• [WHAT TO PRODUCE]
Transcribe, exactly and without pictures, the lines below from the line with "Registered cover franked" to the line with "1907年に戴冠40年を記念", both ends included, and no others.

• [EXTRACTED MATERIAL]
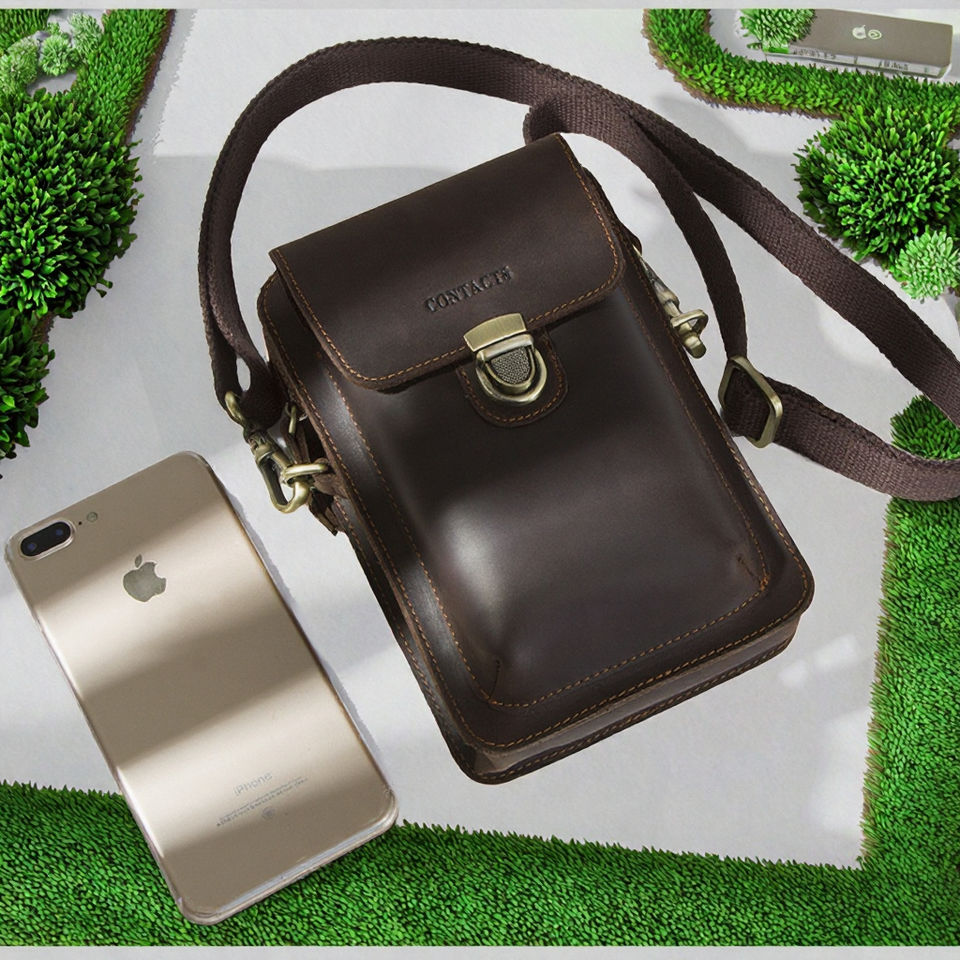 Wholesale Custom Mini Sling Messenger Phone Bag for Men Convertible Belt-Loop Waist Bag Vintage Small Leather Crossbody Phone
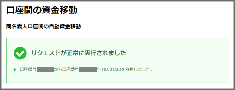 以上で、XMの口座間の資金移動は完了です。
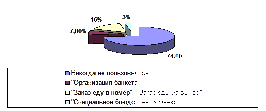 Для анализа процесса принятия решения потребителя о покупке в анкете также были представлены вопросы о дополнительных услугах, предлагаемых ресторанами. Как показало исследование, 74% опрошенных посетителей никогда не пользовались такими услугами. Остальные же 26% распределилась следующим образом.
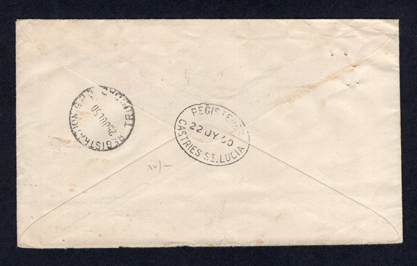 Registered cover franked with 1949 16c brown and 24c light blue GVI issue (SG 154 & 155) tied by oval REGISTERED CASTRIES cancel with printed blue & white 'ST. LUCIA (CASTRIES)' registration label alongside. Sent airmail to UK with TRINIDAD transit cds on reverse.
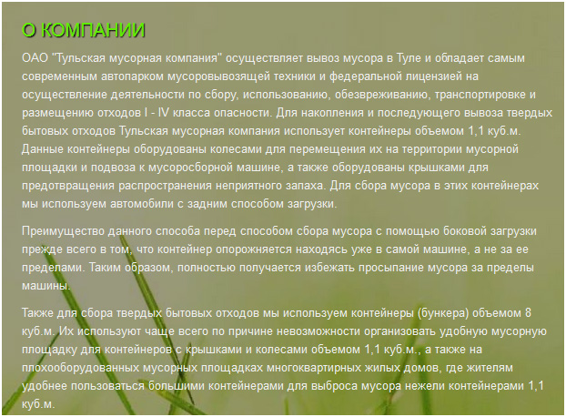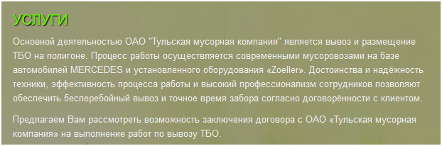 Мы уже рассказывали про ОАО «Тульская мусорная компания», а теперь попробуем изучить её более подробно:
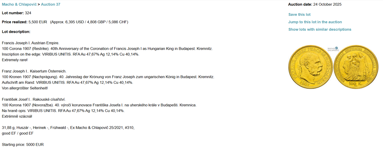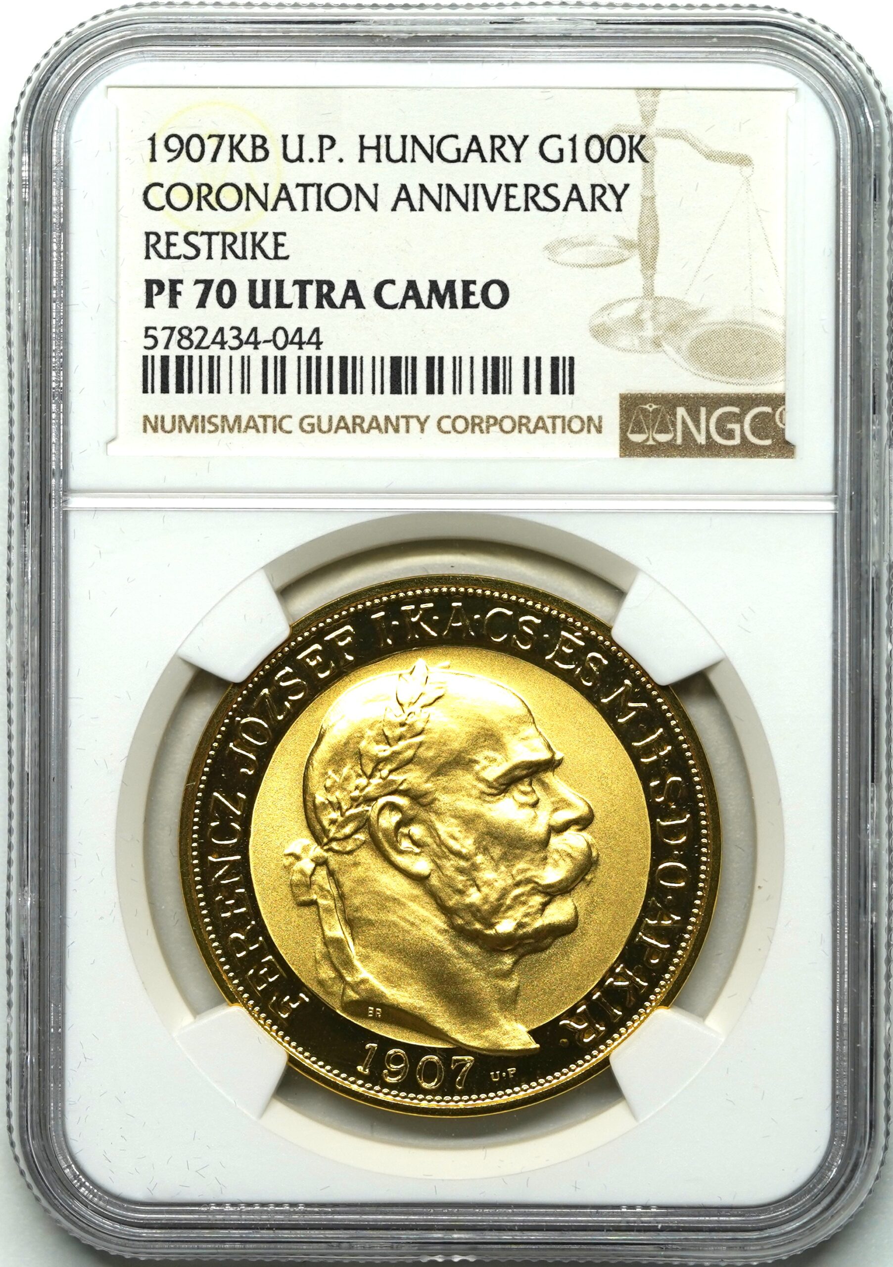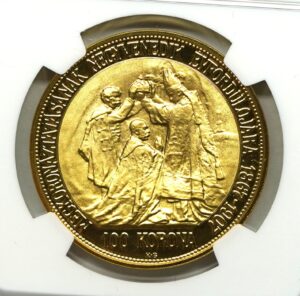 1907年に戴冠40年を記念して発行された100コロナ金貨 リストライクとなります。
==
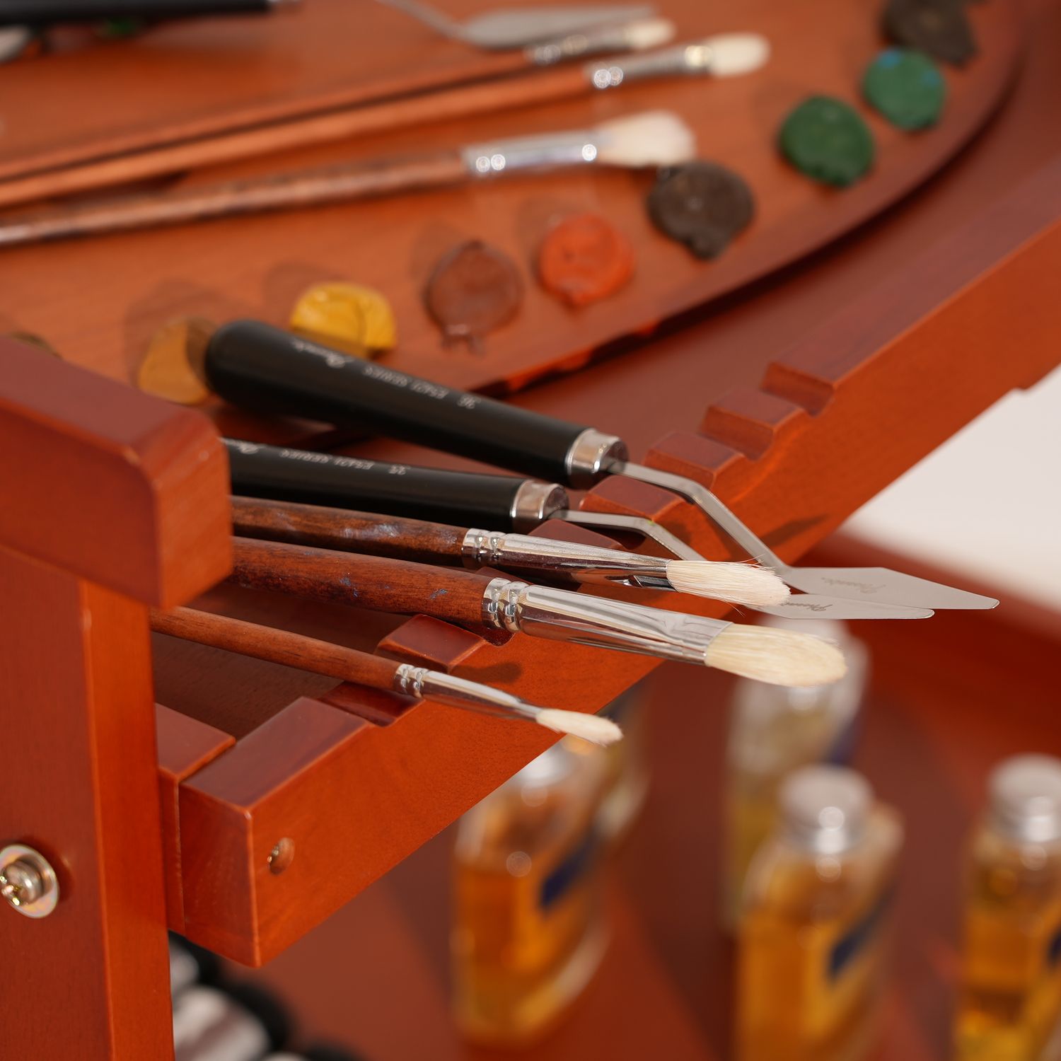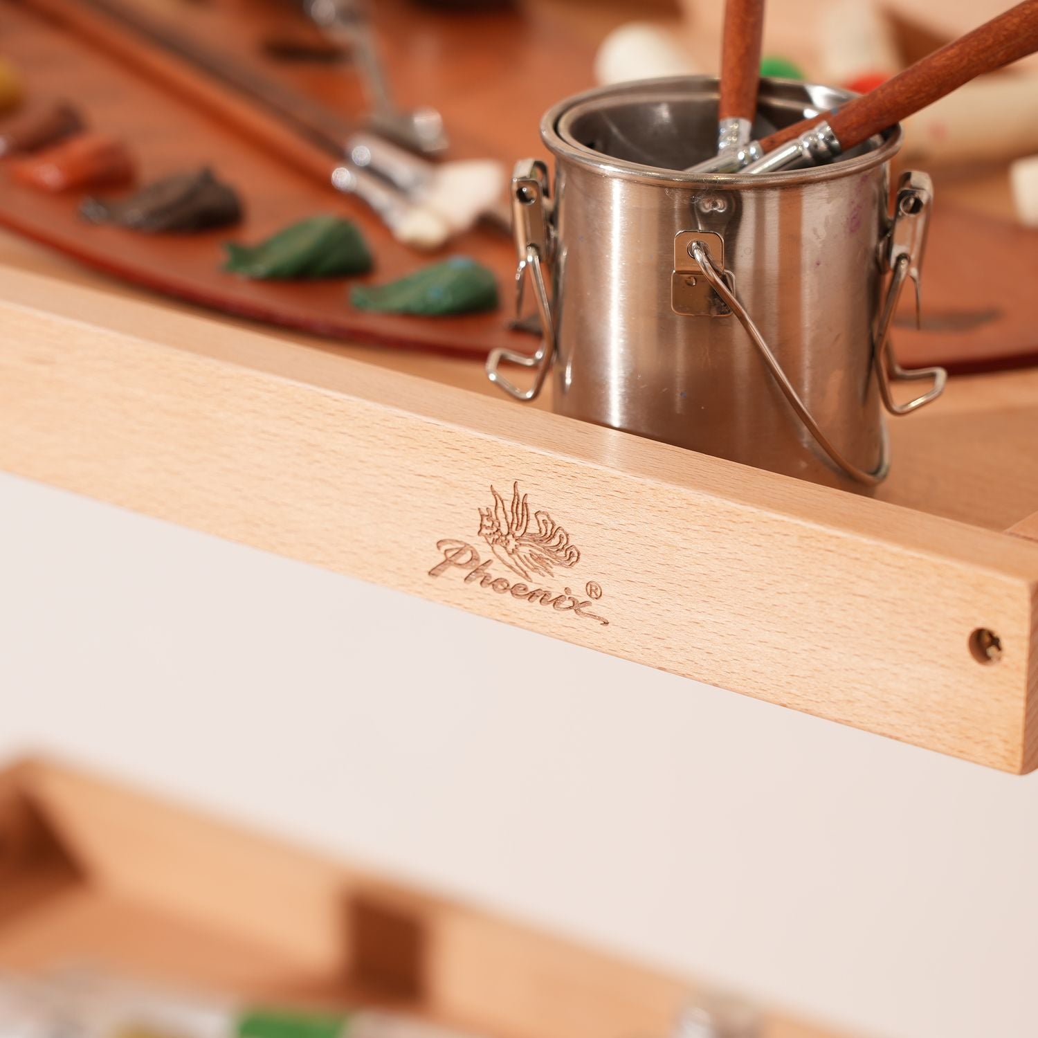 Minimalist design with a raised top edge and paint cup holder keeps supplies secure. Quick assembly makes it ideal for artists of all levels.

• [REPLY TO THE TASK]
 Registered cover franked with 1949 16c brown and 24c light blue GVI issue (SG 154 & 155) tied by oval REGISTERED CASTRIES cancel with printed blue & white 'ST. LUCIA (CASTRIES)' registration label alongside. Sent airmail to UK with TRINIDAD transit cds on reverse.
 Мы уже рассказывали про ОАО «Тульская мусорная компания», а теперь попробуем изучить её более подробно:
 1907年に戴冠40年を記念して発行された100コロナ金貨 リストライクとなります。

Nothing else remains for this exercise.